Trump defends O’Reilly amid sexual harassment scandal
President Trump is defending Bill O’Reilly following a report that the Fox News host and his network reached settlements with five women who had accused him of harassment.
“I think he’s a person I know well — he is a good person,” Trump said Tuesday in an interview with the New York Times.
The paper, which Trump has often described as “failing,” reported over the weekend that O’Reilly and the cable news network paid about $13 million to five women who had accused the “O’Reilly Factor” host of sexual harassment and verbal abuse.
“I think he shouldn’t have settled; personally, I think he shouldn’t have settled,” Trump said.
And for the president, it’s familiar territory.
Trump, who declared April National Sexual Assault Awareness and Prevention Month, was accused by more than a dozen women of inappropriate touching or harassment in separate incidents dating to the early 1970s. The accusers came forward after the second presidential debate, in which Trump said that his bragging about kissing and touching women without their consent — caught on a hot mic in an explosive 2005 video — was “locker-room talk,” and that he never actually groped anyone.
During the campaign, Trump said that their allegations were part of a media conspiracy spearheaded by the Hillary Clinton campaign — at one point suggesting that some of the women weren’t attractive enough for him — and threatened to sue them after the election. He never followed through on the threat.
O’Reilly, Trump told the Times, “should have taken it all the way.”
“I don’t think Bill did anything wrong,” the president said.
Related: Women’s groups embrace O’Reilly boycott as more advertisers bail
Trump’s vocal support for O’Reilly comes as Fox News faces a growing list of advertisers boycotting his primetime show.
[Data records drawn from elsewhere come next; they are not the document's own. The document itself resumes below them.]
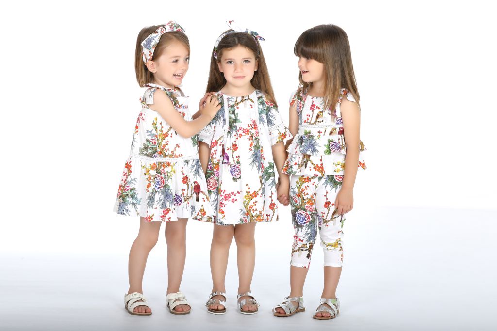 The new Pan con Chocolate Spring-Summer 2019 collection remains committed to colourful prints, a style with tropical and multicolored fish printed fabrics, as well as flowers, always present in our collections. One of the trendy elements are the stripes, as well as tulle, chiffon with flounces, fantasy details, and wonderful embroideries.
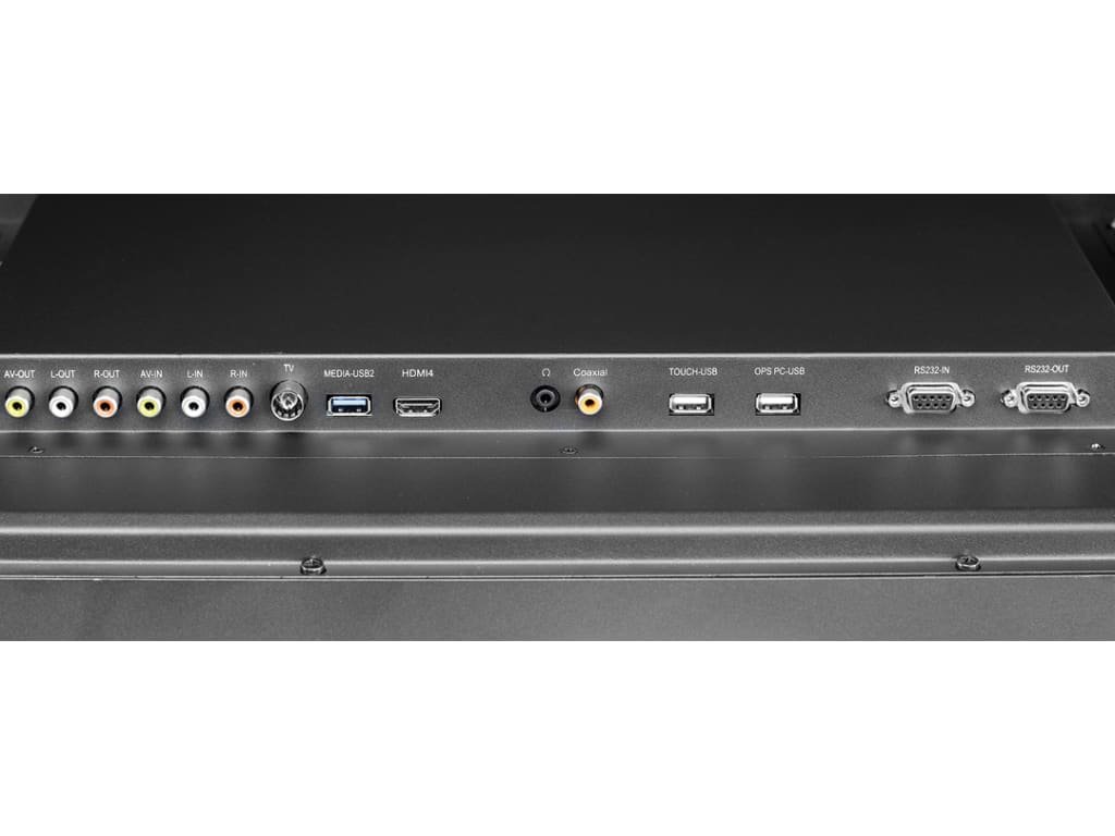 RS232, Component video, Composite video, HDMI x 5, RJ-45 (Ethernet), VGA, USB 3.0 x2, Media USB (Android), PC Audio In (stereo, VGA Audio source), 1/8" Microphone (Mono linked to OPS), USB 2.0 x2, OPS PC USB x2, RCA L/R audio
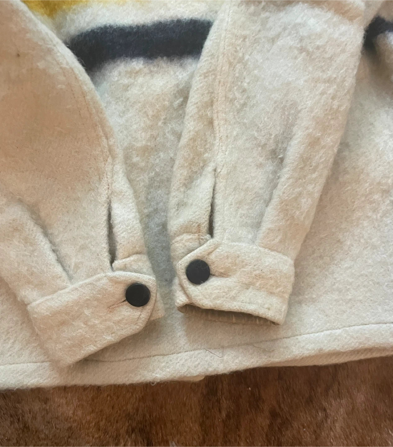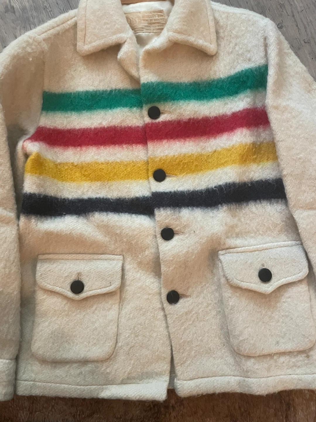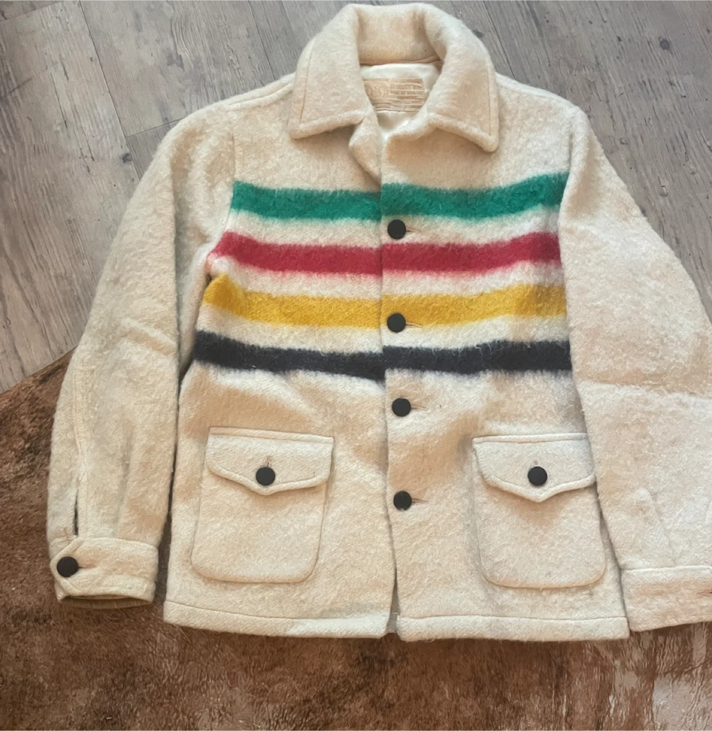 Located in Osborne Village with easy access to driveway for pickup . Selling a rare children’s sized vintage Hudson Bay Blanket Jacket from the 1960’s . I know because it was mine ! It is in excellent vintage condition with no holes or tears . Original buttons . Could use a day at the dry cleaners to freshen it up . Not sure what size it is . Measures 17.5” or 45cm across the front 19” or 48cm from collar to bottom 20” or 51cm from shoulder to cuff. Made with 100% wool in Canada . I would say it would fit a five year old to 10 year old depending on their size . . Accepting etransfer to guarantee hold . Cash FCFS . I do have a square reader as well for credit cards if required at pickup . Shipping is available at buyers expense. Please see my other listings as I downsize . Thanks
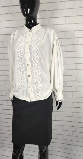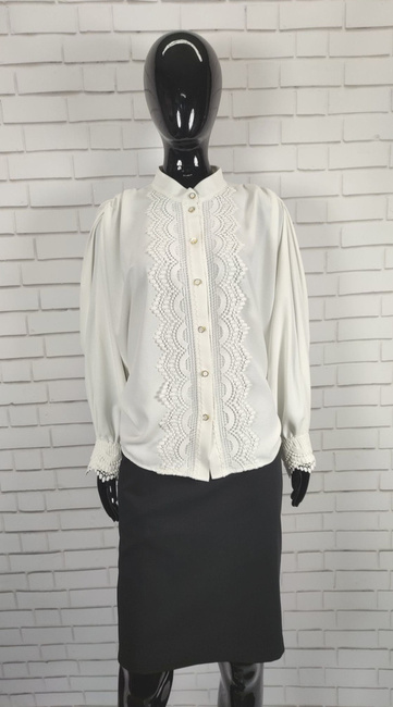 Cocomore bluzka biała ozdobiona koronką zapinana na guziki krój nietoperz elegancka wieczorowa zwiewna

According to CNN, more than 30 companies pulled their advertising from from “The O’Reilly Factor” since the Times report was published.
“This man has got to go,” Paola Mendoza, artistic director of the Women’s March, wrote on Twitter. “Corporations should have a zero tolerance policy for sexual harassment. Women unite to force Fox to #DropOReilly!”
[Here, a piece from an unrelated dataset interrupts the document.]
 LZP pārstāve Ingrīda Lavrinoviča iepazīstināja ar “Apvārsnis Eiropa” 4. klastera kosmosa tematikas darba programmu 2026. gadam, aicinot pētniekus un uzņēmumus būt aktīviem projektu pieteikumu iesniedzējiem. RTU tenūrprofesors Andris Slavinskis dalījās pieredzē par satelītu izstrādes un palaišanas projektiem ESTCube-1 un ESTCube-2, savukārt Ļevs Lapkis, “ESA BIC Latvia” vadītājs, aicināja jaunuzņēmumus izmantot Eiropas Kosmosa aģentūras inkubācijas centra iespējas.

“Mr. O’Reilly’s case is part of a larger culture that condones the harassment and objectification of women at Fox News,” NOW president Terry O’Neill said in a statement Tuesday. “Men like Mr. O’Reilly and Mr. Ailes will never be stopped as long as their behavior is allowed to continue, even supported, by their employer.”
“We value our partners and are working with them to address their current concerns about ‘The O’Reilly Factor,’” Paul Rittenberg, Fox News’ executive vice president of advertising, said in a statement to Yahoo News. “At this time, the ad buys of those clients have been re-expressed into our FNC programs.”
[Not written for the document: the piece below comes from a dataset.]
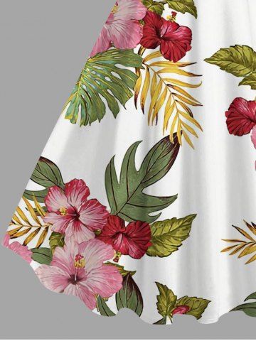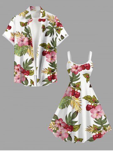Ensemble de plage hawaïen assorti grande taille à imprimé floral d'hibiscus tropical pour couples - Blanc - Blanc

In a statement posted to his website, O’Reilly said he is vulnerable to lawsuits from individuals who want him “to pay them to avoid negative publicity.”
“In my more than 20 years at Fox News Channel, no one has ever filed a complaint about me with the Human Resources Department, even on the anonymous hotline,” O’Reilly said. “The worst part of my job is being a target for those who would harm me and my employer, the Fox News Channel. Those of us in the arena are constantly at risk, as are our families and children. My primary efforts will continue to be to put forth an honest TV program and to protect those close to me.”
At a press conference on Monday, Lisa Bloom, an attorney representing one of the accusers featured in the Times report, scoffed at O’Reilly’s claim that he is a “target.”
“Bill O’Reilly, you call out whiners as delicate snowflakes,” Bloom said in a statement. “But you’re the one whining now.”